### What the task requires
From the first line to the last, repeat the records exactly and skip the pictures.

### Records for the exercise
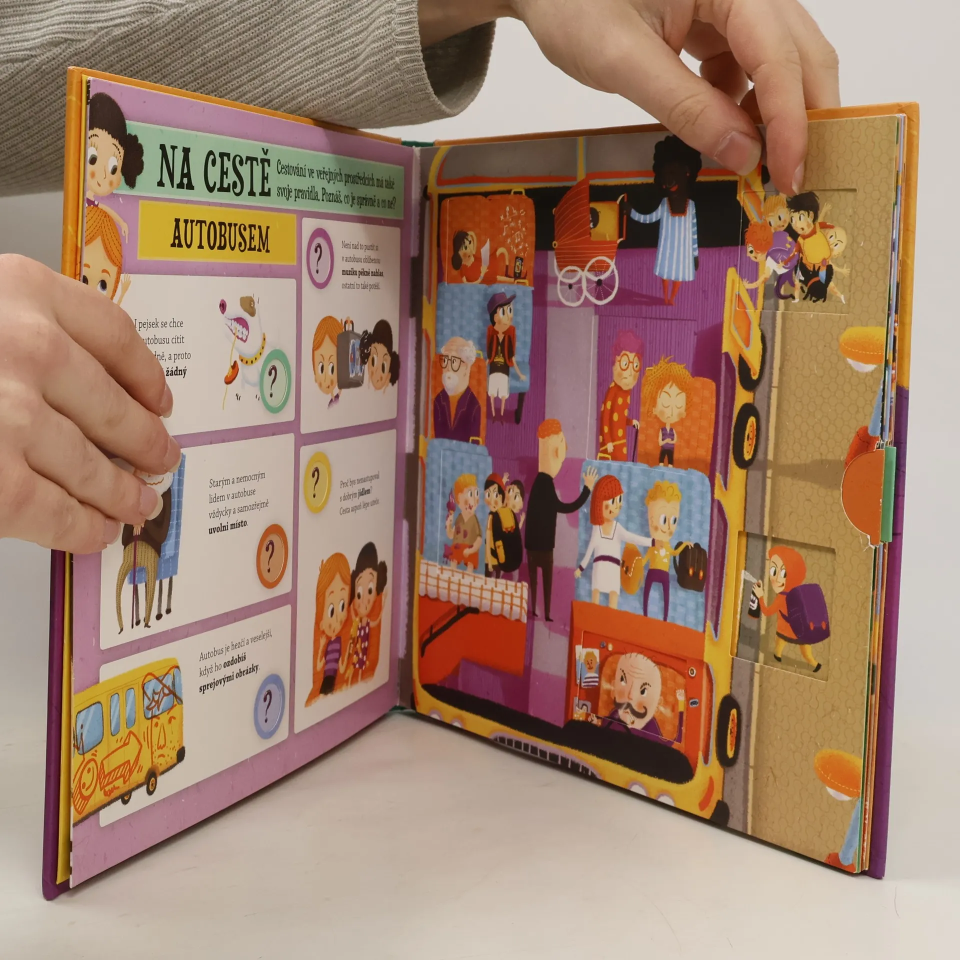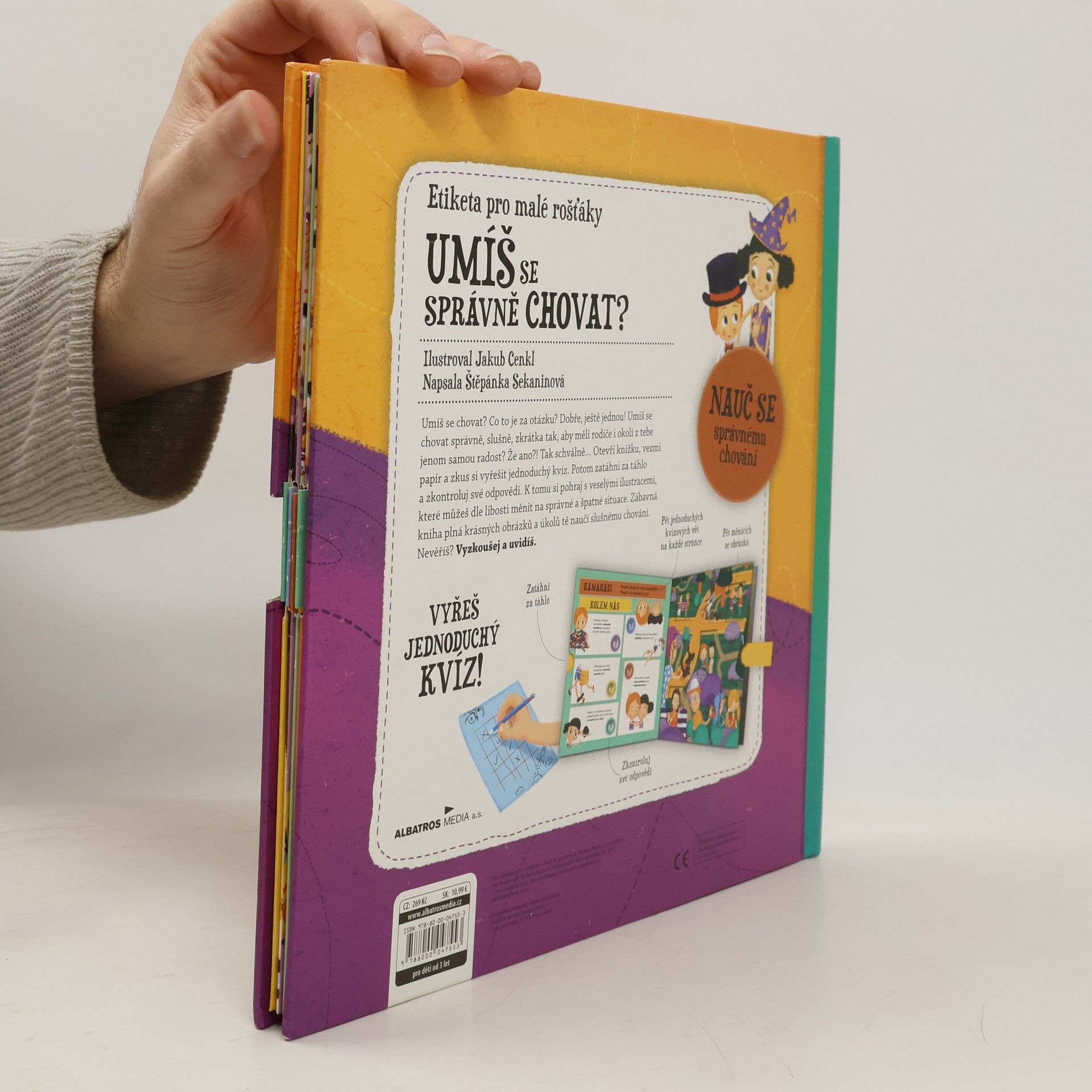 Umíš se chovat??! Tak schválně… Otevři knížku, vezmi papír a zkus si odpovědět na jednoduché kvízové věty. Potom zatáhni za táhlo a zkontroluj své odpovědi. K tomu si můžeš pohrát s veselými ilustracemi, které můžeš dle libosti měnit na správné a špatné situace. Zábavná veselá kniha plná obrázků a úkolů tě naučí slušnému chování.
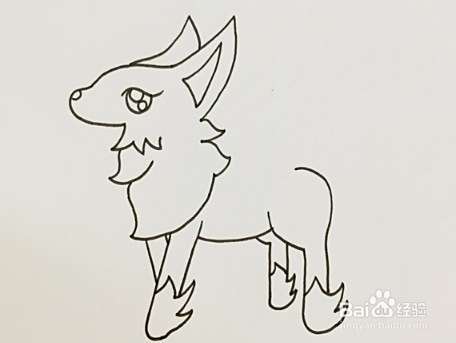 空出背部翅膀位置,将九尾狐的身体躯干与四肢画出来之后,还要补充画出四足上的毛发。
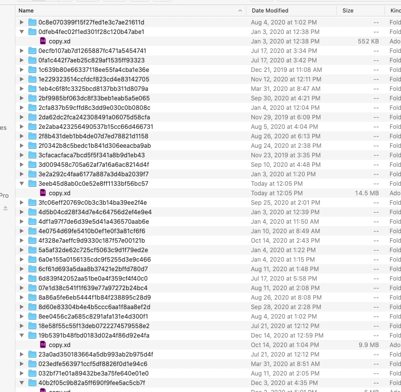 Recently while trying to clear up some space on my MacBook Pro I discovered that in the Application Support folder in the Library XD has been (or appears to have been) creating duplicate files of anything I work on. A new file/folder is created each time I do a save on an open file. The folders are random numbers and all the files are simply named copy.xd.
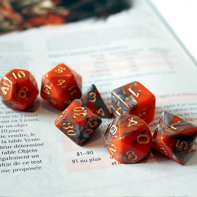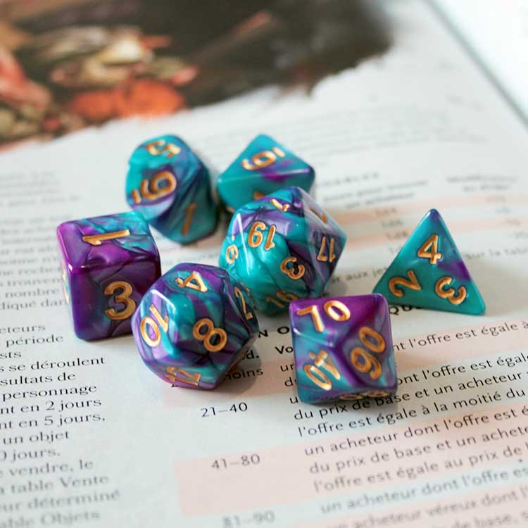 Avec cette collection de dés en résine aux couleurs bigarrées, vous avez les dés de jeu de rôle qu'il vous manquait :
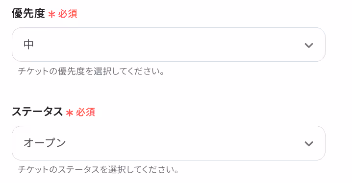 「優先度」と「ステータス」はプルダウンから選択しましょう。
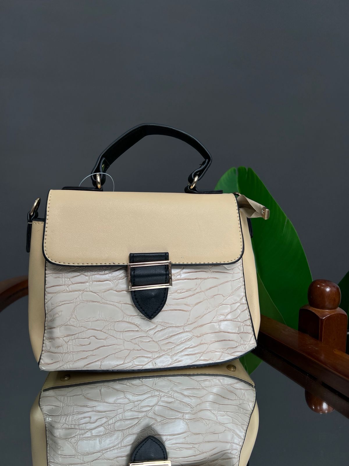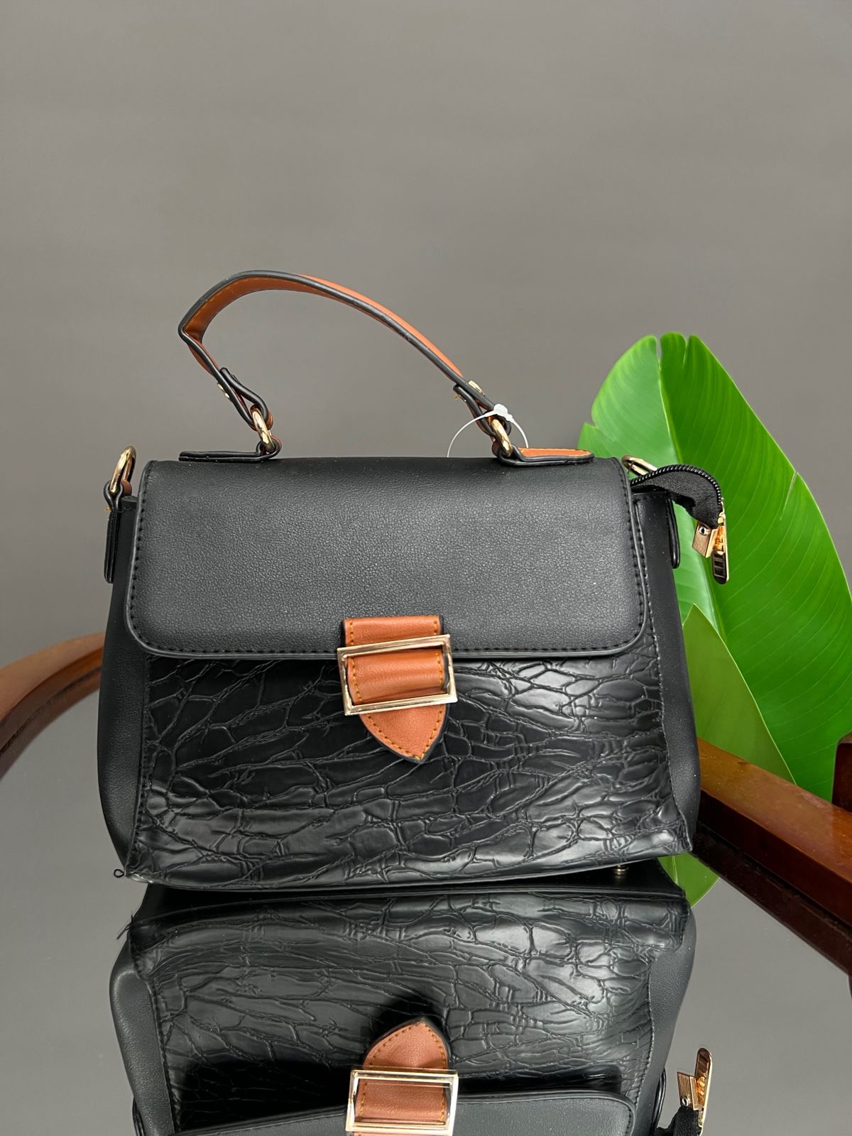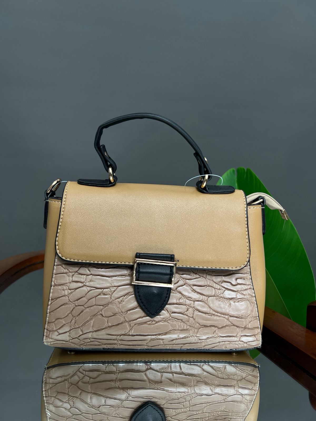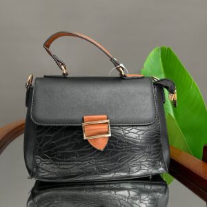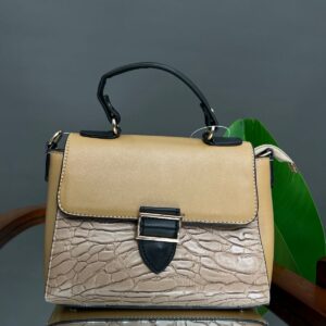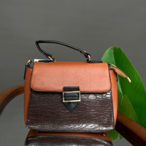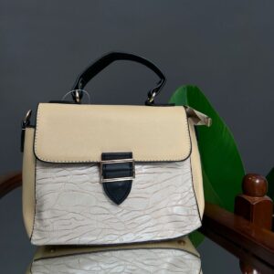 A compact, stylish satchel-style handbag featuring a flapped closure with a contrasting tab and buckle hardware detail. The lower body of the bag has a distinctive, crackle-effect texture, contrasting with the smooth material on the flap and curved top handle.
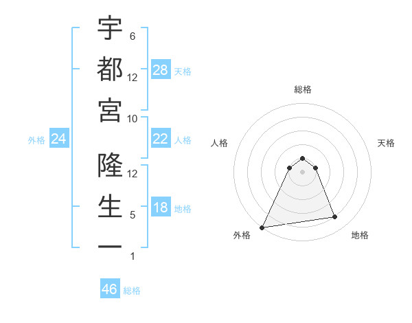 宇都宮 隆生一さんを姓名の画数から五運を鑑定
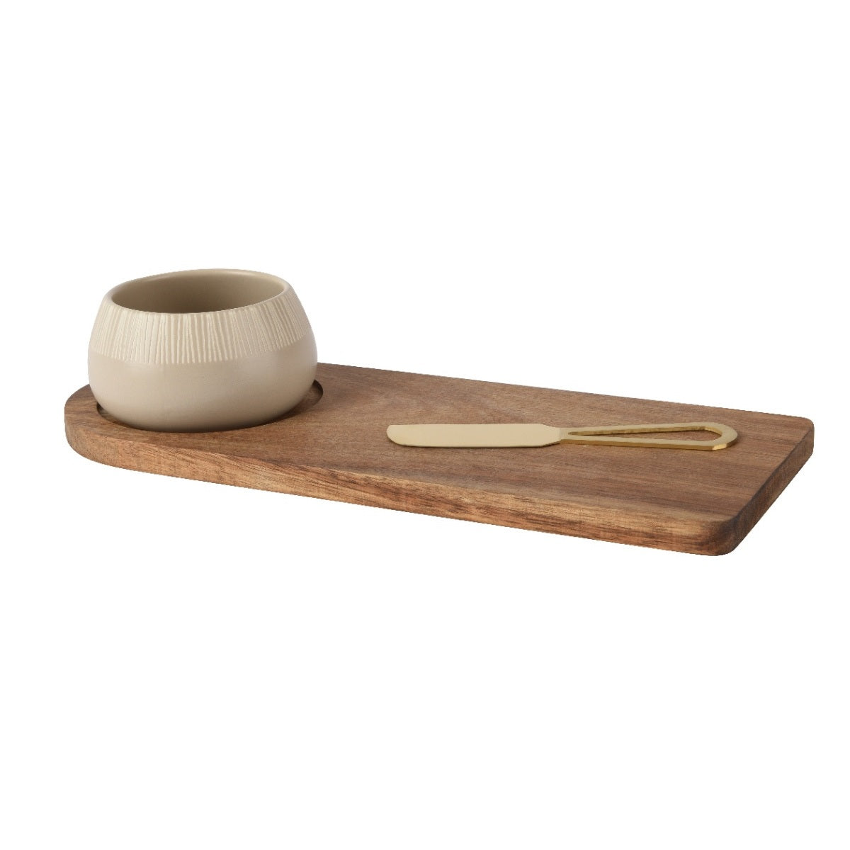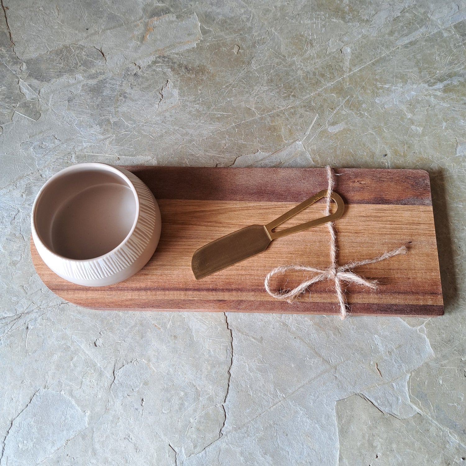 Wooden board with round dish for chutney or pickles and a cheese knife, makes a great gift!
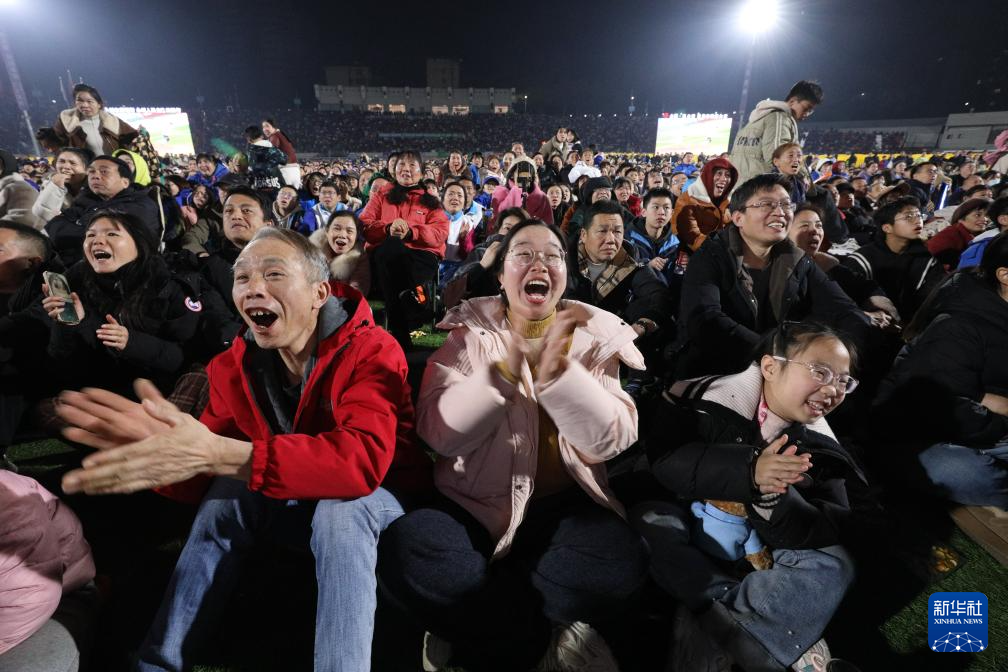 12月27日,球迷在永州市体育场观看“湘超”决赛直播。
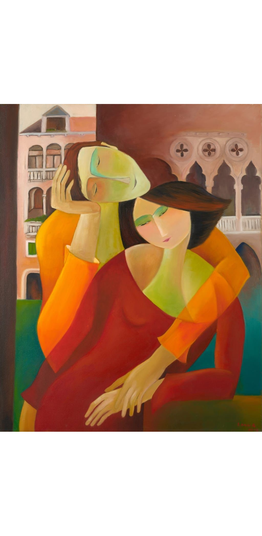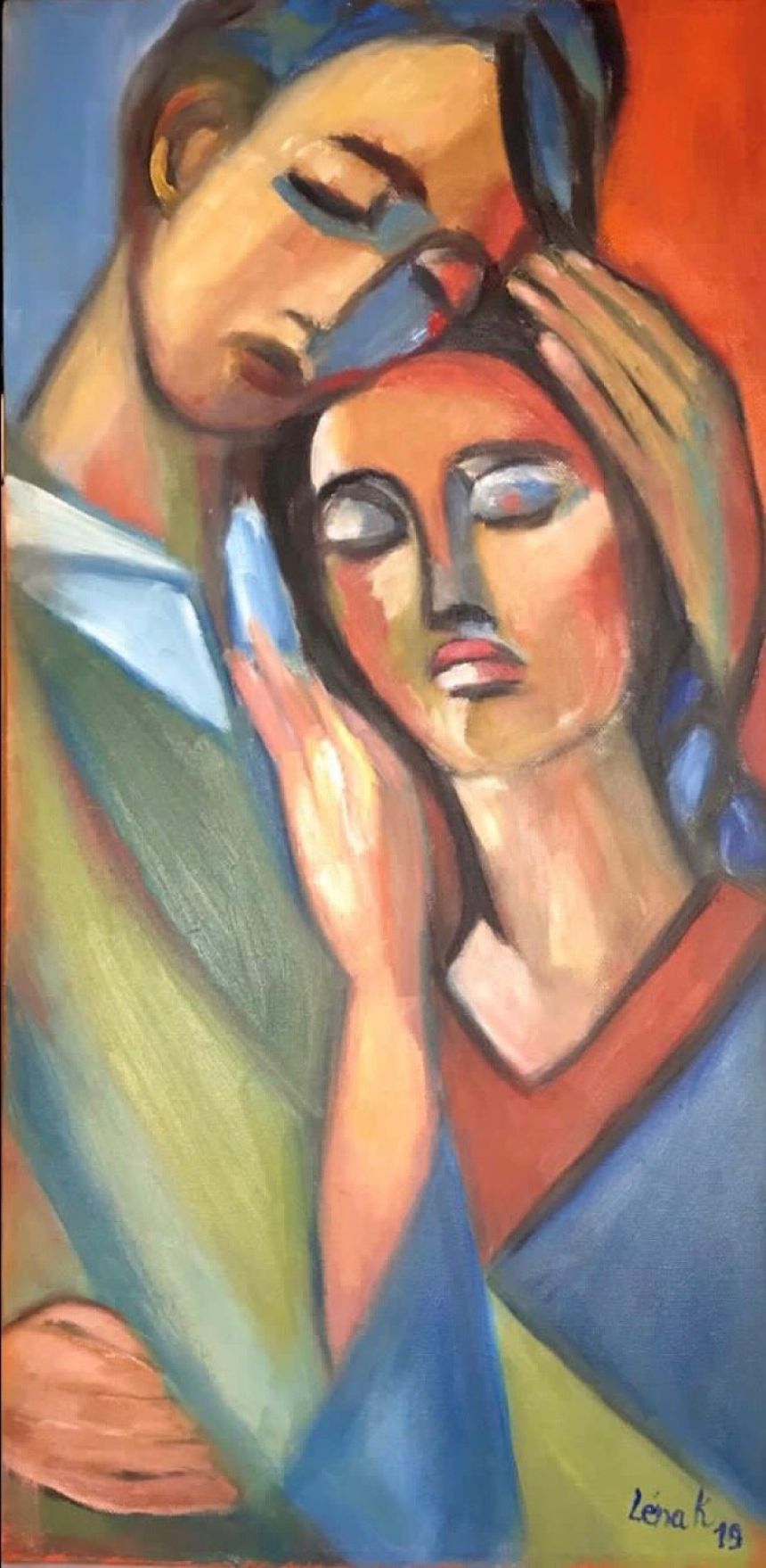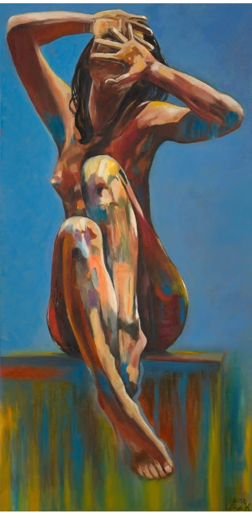 Les femmes sont au centre des toiles de Léna Khalifeh. Épanouies, pleines d’espoir, mélancoliques ou encore apeurées : ces peintures sont le reflet des différentes phases psychologiques par lesquelles la peintre est passée. Elle confie que son penchant pour la peinture a pris naissance dès sa jeunesse, lorsqu’elle a développé une passion pour le monde de l’art en général et de la peinture en particulier.

### Answer
 Umíš se chovat??! Tak schválně… Otevři knížku, vezmi papír a zkus si odpovědět na jednoduché kvízové věty. Potom zatáhni za táhlo a zkontroluj své odpovědi. K tomu si můžeš pohrát s veselými ilustracemi, které můžeš dle libosti měnit na správné a špatné situace. Zábavná veselá kniha plná obrázků a úkolů tě naučí slušnému chování.
 空出背部翅膀位置,将九尾狐的身体躯干与四肢画出来之后,还要补充画出四足上的毛发。
 Recently while trying to clear up some space on my MacBook Pro I discovered that in the Application Support folder in the Library XD has been (or appears to have been) creating duplicate files of anything I work on. A new file/folder is created each time I do a save on an open file. The folders are random numbers and all the files are simply named copy.xd.
 Avec cette collection de dés en résine aux couleurs bigarrées, vous avez les dés de jeu de rôle qu'il vous manquait :
 「優先度」と「ステータス」はプルダウンから選択しましょう。
 A compact, stylish satchel-style handbag featuring a flapped closure with a contrasting tab and buckle hardware detail. The lower body of the bag has a distinctive, crackle-effect texture, contrasting with the smooth material on the flap and curved top handle.
 宇都宮 隆生一さんを姓名の画数から五運を鑑定
 Wooden board with round dish for chutney or pickles and a cheese knife, makes a great gift!
 12月27日,球迷在永州市体育场观看“湘超”决赛直播。
 Les femmes sont au centre des toiles de Léna Khalifeh. Épanouies, pleines d’espoir, mélancoliques ou encore apeurées : ces peintures sont le reflet des différentes phases psychologiques par lesquelles la peintre est passée. Elle confie que son penchant pour la peinture a pris naissance dès sa jeunesse, lorsqu’elle a développé une passion pour le monde de l’art en général et de la peinture en particulier.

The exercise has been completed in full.